PIETRO PORCINAI – Landscape Designer

Florence, 1910 – 1986)

Pietro Porcinai was born in Settignano near Florence and was the son of Martino, the chief gardener of Princess Ghika who was the owner of the famous La Gamberaia villa in Settignano. From the years of his early childhood he became passionate about the art of garden landscaping. In 1928-1929 he went to Bruxelles to study the practice of garden landscaping and green spaces design at the Daprs greenhouse.
The following year Gio Ponti invited him to collaborate with Domus magazine. After he graduated from the Lyceum of Arts in 1935, he met and frequented the best landscape designers of the time such as Gerda Gollwitzer, Henry Cocker, Russel Page and Geoffrey Jellicoe.
In 1982 he promoted a committee for the writing of The Italian Chart for Historical Gardens, which is still nowadays a Decalogue for interventions in historical gardens.

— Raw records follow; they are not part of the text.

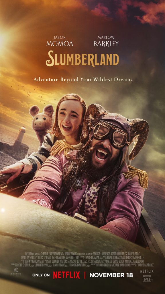 Slumberland takes audiences to a magical new place, a dreamworld where precocious Nemo (Marlow Barkley) and her eccentric companion Flip (Jason Momoa) embark on the adventure of a lifetime. After her father Peter (Kyle Chandler) is unexpectedly lost at sea, young Nemo’s idyllic Pacific Northwest existence is completely upended when she is sent to live in the city with her well-meaning but deeply awkward uncle Phillip (Chris O’Dowd). Her new school and new routine are challenging by day but at night, a secret map to the fantastical world of Slumberland connects Nemo to Flip, a rough-around-the-edges but lovable outlaw who quickly becomes her partner and guide. She and Flip soon find themselves on an incredible journey traversing dreams and fleeing nightmares, where Nemo begins to hope that she will be reunited with her father once again.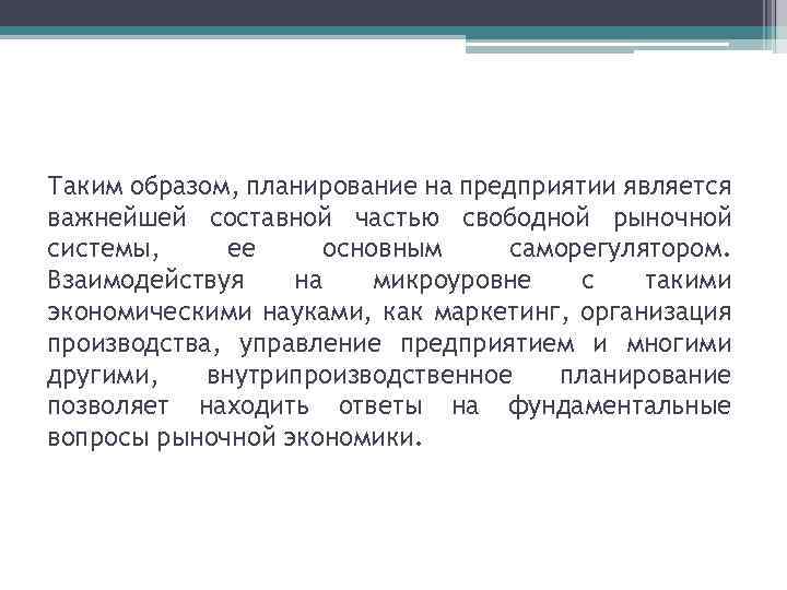 Таким образом, планирование на предприятии является важнейшей составной частью свободной рыночной системы, ее основным саморегулятором. Взаимодействуя на микроуровне с такими экономическими науками, как маркетинг, организация производства, управление предприятием и многими другими, внутрипроизводственное планирование позволяет находить ответы на фундаментальные вопросы рыночной экономики.
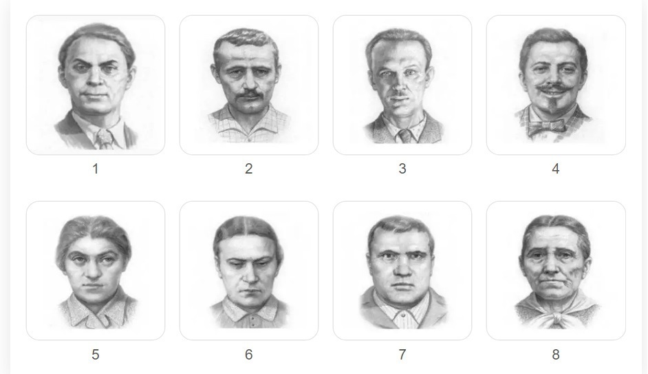 Посмотрите на портреты этих 8 людей и выберите того человека, которого бы вы ни за что не хотели встретить вечером в темном переулке, поскольку его внешность вызывает отвращение или пугает. Теперь можете узнать характеристики к выбранному портрету.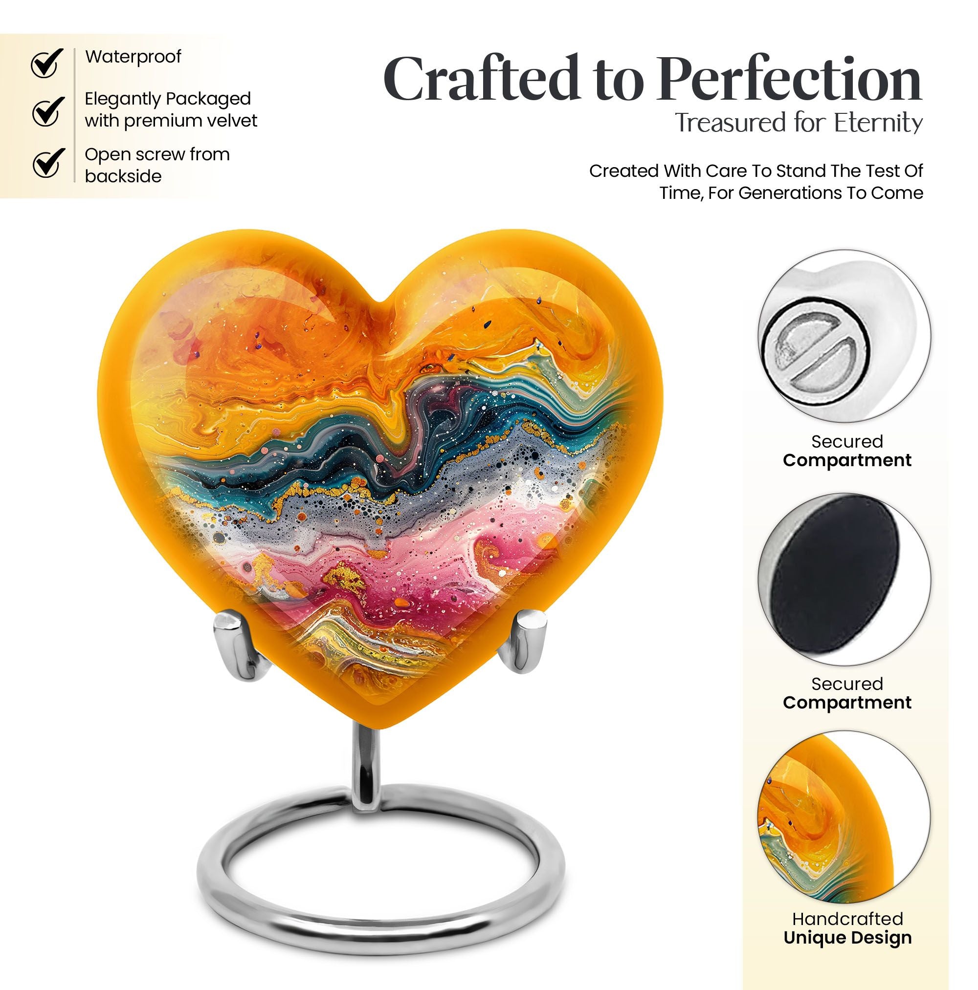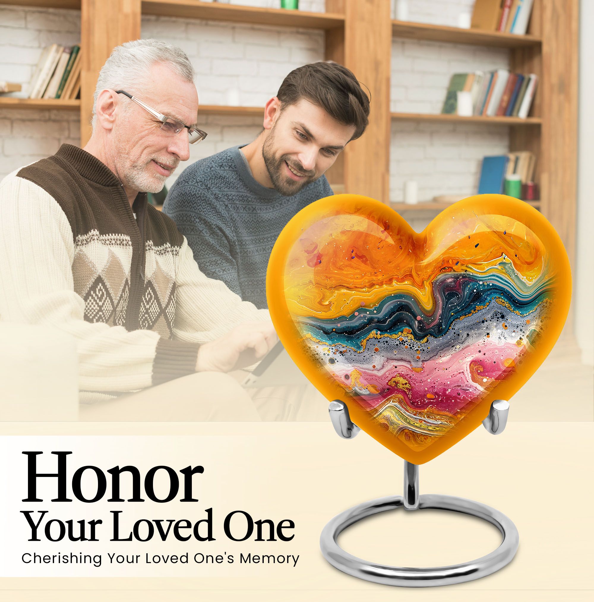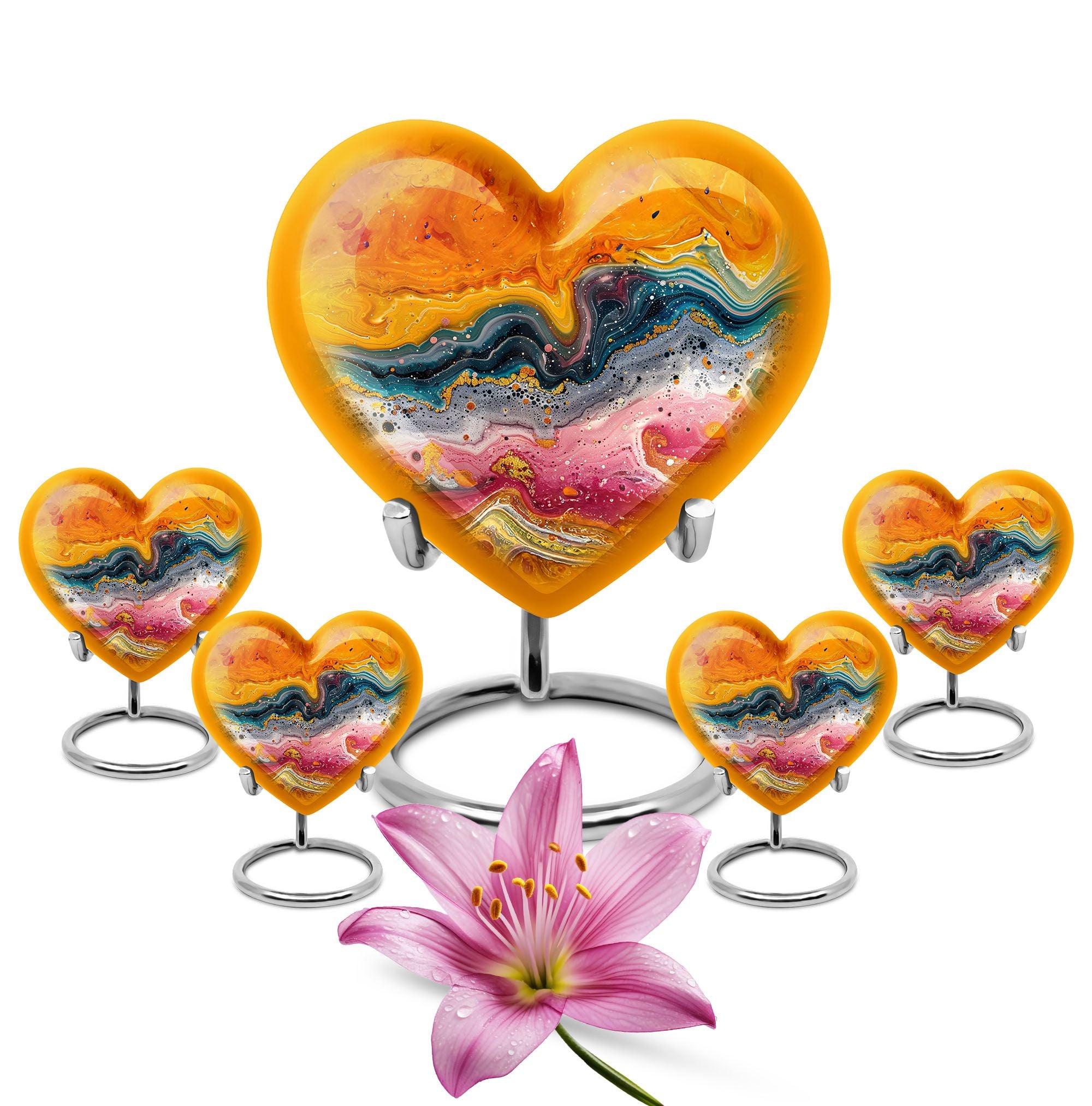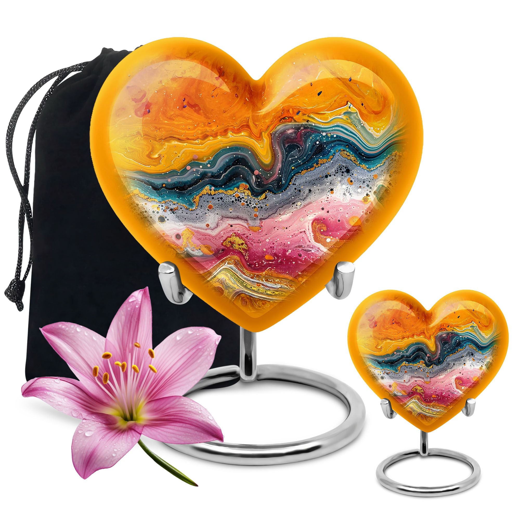 Honor your beloved one with our unique, Abstract Urn. This 10-inch cremation urn is a touching tribute, artfully crafted in a heart design from durable aluminium. Perfectly suitable for large urn needs, it has an impressive weight of 3.3 pounds and dimensions of 10 inches in height. Its substantial capacity of 200 cubic inches offers ample space to securely house the ashes of your dear departed. Every urn is paired with a velvet pouch, which provides an elegant containment for the remains. You may also choose to personalize this funeral urn, engraving names that will forever remind you of the precious moments you've shared. This heartfelt product demonstrates our dedication to providing meaningful memorial ceremony supplies. Ideal as funeral urns for mom or urns for any female, this item reflects the deep-seated love and respect that never dies. Uncommonly breathtaking, our personalized, unique urn for ashes brilliantly blends sentiment with style.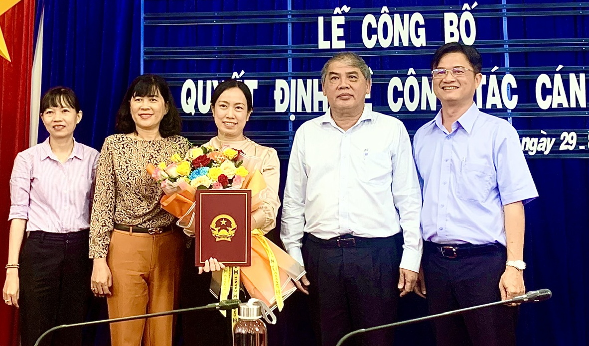 Bà Nguyễn Đài Thy và ông Nguyễn Thanh Phong – Phó Chủ tịch HĐND tỉnh trao quyết định và chúc mừng bà Nguyễn Thị Thu Hương.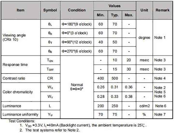 2.LCM Optical Characteristics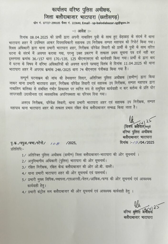 इस संबंध में जारी आदेश के मुताबिक के मुताबिक बीते 8 अप्रैल 2025 को प्रार्थी द्वारा अपनी नाबालिग पुत्री के साथ हुए छेड़छाड़ के संदर्भ में थाना भाटापारा शहर में उपस्थित आकर दिवस अधिकारी सहायक उप निरीक्षक सम्पत महापात्र को शिकायत की गई। दिवस अधिकारी द्वारा थाना प्रभारी भाटापारा शहर, निरीक्षक परिवेश तिवारी को इस घटना के संदर्भ में अवगत कराया गया, परन्तु उक्त प्रकरण में तत्काल प्रथम सूचना पत्र दर्ज नहीं कर इस्तगासा क्रमांक 36/157 धारा 170/135, 125 BNSS (भारतीय नागरिक सुरक्षा संहिता) के तहत आरोपी के खिलाफ केवल प्रतिबंधात्मक कार्यवाही की गई।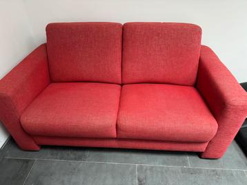 Gratis af te halen in horn: een rode stoffen bank bestaande uit een 2-zits en een 2,5-zits bank. Ideaal voor studenten of verenigingen die op zoek zijn naar een comfortabele en betaalbare zitoplossing
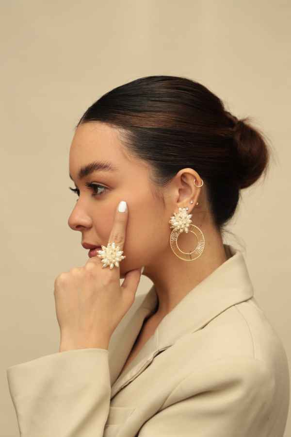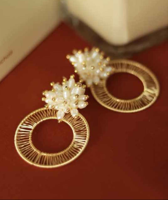 Aretes en hilos de cobre bañados en oro de 24k y perlas elaborados 100% a mano por nuestros artesanos.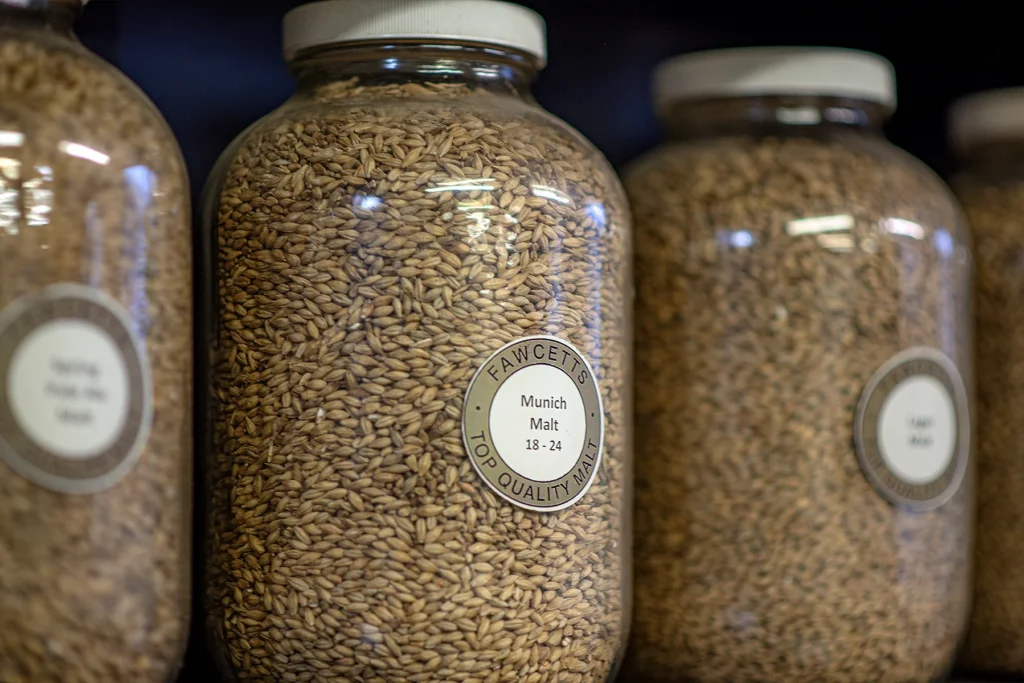 These are Pale malts, fully modified and then stewed slightly before kiln drying. As such, some of the starch has been converted to sugar and the higher temperature kilning produces a darker malt with very strong, sweet, “malty” aroma and flavour. Although these malts have lower diastatic power due to some of the enzymes being denatured, the majority are preserved, allowing them to be used at relatively high percentages within the grist and still get full saccharification. They produce very full-bodied, sweet malty beers.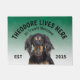 Saluki Personalised Dog lover welcome doormat. This welcome mat can be personalised with your dog’s name, the slogan can also be changed or you could use a picture of your own dog (make sure it's transparent). Text reads: Theodore lives here…. All treats welcome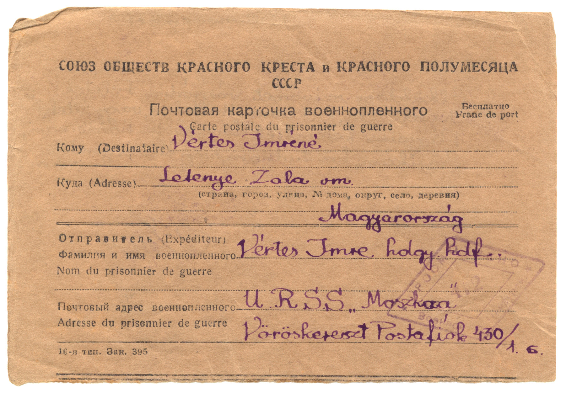 Nyilvános 1238 | 2329 | Vértes Imréné | Letenye Zala vm. Magyarország Vértes Imre hdgy. hdf. C.C.C.P. "Moszkva" Vöröskereszt, Postafiók 430/1. c. 1946. november 1. Elküldöm szívemet vágyódva Felétek. Kérdezem, kutatom: "Haltok-e, vagy éltek?" Vágyaim keresztjét könnyebben hordoznám, Sárikám, ha tudnám, hogy élsz és gondolsz rám. Imre |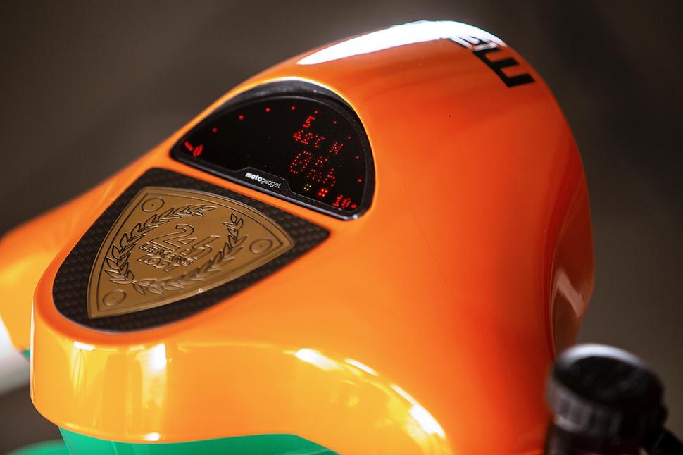 Эргономика и посадка - дань уважения минимализму гонок на выносливость. Полнофункциональная приборка Motogadget установлена в напечатанном на 3D-принтере корпусе, по бокам от которого расположены пульты с исторически достоверными маркировками: Start, Kill и Fuel. Каждый переключатель на руле подсвечивается своим цветом благодаря встроенным светодиодам. Облицовка руля имеет новую форму, открывающую главный цилиндр, грипсы на руле - от Rizoma, ручка газа - от Domino, и всё выглядит продуманным, долговечным и тактильным.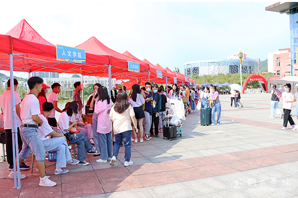 迎新活动主要集中在南大门和明德湖广场,放眼望去,帐篷林立。校园内各主道上,随处可见志愿者匆匆忙忙的身影,他们或拉着行李,或扛着麻袋,穿梭在南大门和明德湖广场、广场和学生宿舍之间。一路上,志愿者们和新生们“互诉衷肠”,志愿者分享他们的学习和生活心得,新生则吐露面对新环境的真实情感,此时此景连同欢声笑语一起汇成了一道靓丽的校园风景线。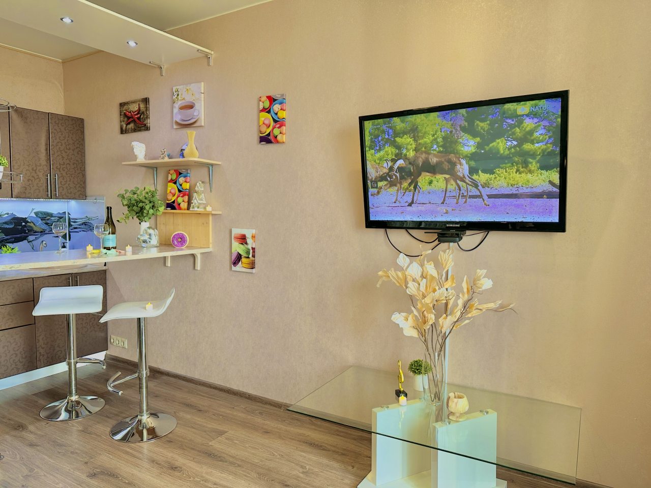 Отдыхающим предоставляется студийная квартира с приятной цветовой гаммой. В апартаментах есть диван-кровать, гардеробная комната, балкон, собственная кухня и ванная комната. Для полного удовлетворения гостей в апартаментах имеется постельное белье, полотенца, гладильная доска, стиральная машина, средства личной гигиены, телевидение и бесплатный wi-fi.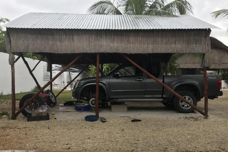 Paul me dit qu'il suffit de la recharger. Il s'en occupe tandis que nous partons à Cancun faire nos courses et chercher un garage pour la révision du pick-up.
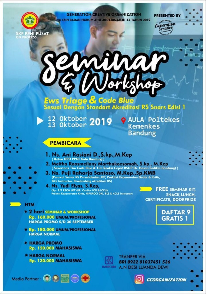 Yuk ikutan seminar & workshop dari Generation Creative Organization dengan tema “EWS Triage & Code Blue”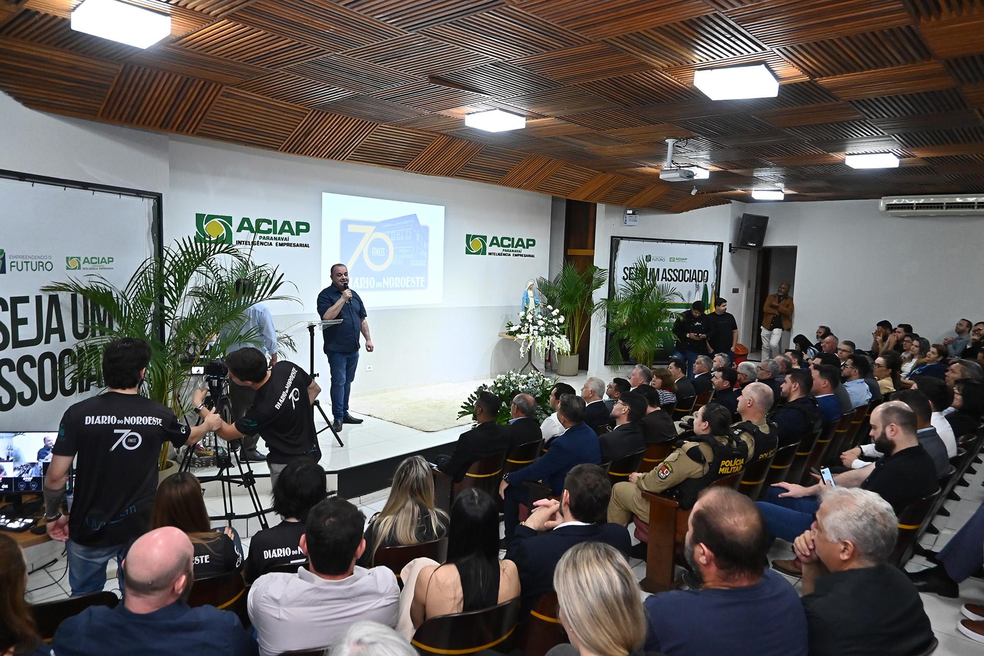 O aniversário de 70 anos do Diário do Noroeste foi comemorado na última quarta-feira, em concorrida solenidade no auditório da Associação Comercial e Empresarial de Paranavaí (Aciap).

Porcinai liked to say: «The private garden must not be considered a luxury because every tree…is functional to our life». From the 1950s on he made frequent interventions to decorate the production areas of the main Italian companies – 45 in all – from Olivetti to Marzotto, to Mondadori of Segrate, to Pirelli, Althea, Farmitalia, and Zegna.
He also designed the park of the beautiful Villa Barilla in Fraore, projected in 1957 by Luigi Vietti (1903-199) for Pietro and is family. The encounter was profitable and Porcinai was called again by Pietro Barilla in 1960 to design the green space of the small area that is in front of the Parma factory and is visible from the Via Emilia, and to enrich it with a few precious wood essences (Pterocarya Fraxinifolia, Fagus silvatica purpurea, Liriodendron Tulipifera), to compliment the new light colored and transparent facade designed by Gian Luigi Giordani (1909-1977). After Pietro returned to conduct the company, in 1982 Porcinai proposed the planting of a wood of deciduous trees along the Autostrada del Sole highway, along the northern side of the Pedrignano plant, and proposed to populate the fauna with chicken, as a symbol of the company’s industrious character. The idea was not developed, but Porcinai was called to redesign the green areas around the plant and the silos and offices. In his long career as a landscape architect which lasted 60 years, Porcinai worked on projects in the whole world designing parks, gardens, industrial areas, highways and sport centers. To this fervent activity, he was able to also combine a multifaceted series of interventions and innovations, from the patent for children’s diapers of 1947, to the intervention to save the Abu Simbel temples in Egypt from the waters of the River Nile (1963-1971) to a system to divide traffic lanes on highways with space to contain shrubberies or vegetation elements in 1967. In recognition of his professional achievements he received numerous prizes during the course of his career, like the Award of Merit of the School of Environmental Designof the University of Georgia an an award from the Fine Art Academy of Bavaria, for the first time given to a non German artist. In 1999 the Provincial Council of Florence dedicated to his memory a hall of Villa Demidoff, naming him as the greatest Italian Landscape Architect of the century, even though he never graduated in Architecture, and a founding father of this art.

Cecilia Farinelli

Bibliography

POZZANA M., Pietro Porcinai architetto del giardino e del paesaggio (Pietro Porcinai, an architect of gardens and landscape), in Flortecnica, 1987, April.
MATTEINI Milena, Pietro Porcinai architetto del giardino e del paesaggio (Pietro Porcinai, an architect of gardens and landscape). Milan, Electa, 1991.